Pada momentum hari Lingkungan hidup tahun ini yang juga merupakan momen Politik dimana Propinsi Sulawesi Selatan akan melaksanakan Pemilihan Kepala Daerah secara serentak pada bulan Juni, tentunya akan menjadi ruang untuk mengusung langkah perubahan yang adil bagi Masyarakat khususnya Perempuan dalam pengelolaan Lingkungan Hidup, Keadilan Ekologi Harus Menjadi Agenda Prioritas Pemimpin ke depan. Pemimpin kedepan harus mampu merubah pola pengelolaan Lingkungan dengan melihat sumber daya alam dan lingkungan sebagai kehidupan bukan “Komoditi”.
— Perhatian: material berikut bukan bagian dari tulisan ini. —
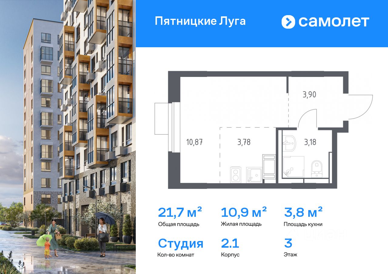 Строим кварталы для жизни с заботой о будущем. Предлагается квартира студия комфорт-класса 21,73 кв.м в корпусе 2.1 на 3 этаже, в ЖК "Пятницкие Луга"
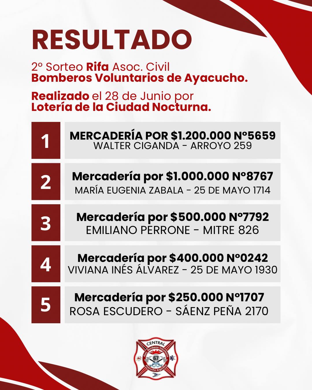Compartimos el resultado del 2° Sorteo Rifa Asoc. Civil Bomberos Voluntarios de Ayacucho, realizado este sábado 28 de Junio por Lotería de la Ciudad Nocturna. Gracias a todos por colaborar.

SP Anging Mammiri bersama Perempuan Nelayan/pesisir dan Perempuan Petani di Provinsi Sulawesi Selatan, berharap Pemimpin yang terpilih nantinya, memiliki perspektif terhadap keadilan ekologi dan memiliki komitmen untuk menindak tegas para pelaku/actor yang telah dan/atau merusak Lingkungan Hidup di Sulawesi Selatan. “Pada hari Lingkungan Hidup Sedunia tahun ini yang juga merupakan momen tahun politik, Penting untuk kita semua mengetahui track record masing-masing kandidat dengan memastikan seluruh kandidat/Calon pemimpin Daerah bukan perusak lingkungan dan tidak memiliki keterikatan politik terhadap perusahaan perusak lingkungan, menagmbil langkah nyata untuk mereview izin-izin proyek/program (Reklamasi Pantai Kota Makassar dan Perkebunan tebu Kab.Takalar) yang merusak lingkungan, serta menyusun kebijakan/kerangka hukum untuk menindak tegas perusak lingkungan hidup dan pelanggaran HAM”. Ungkap Musdalifah Jamal, Ketua Badan Eksekutif Komunitas Solidaritas Perempuan Anging Mammiri.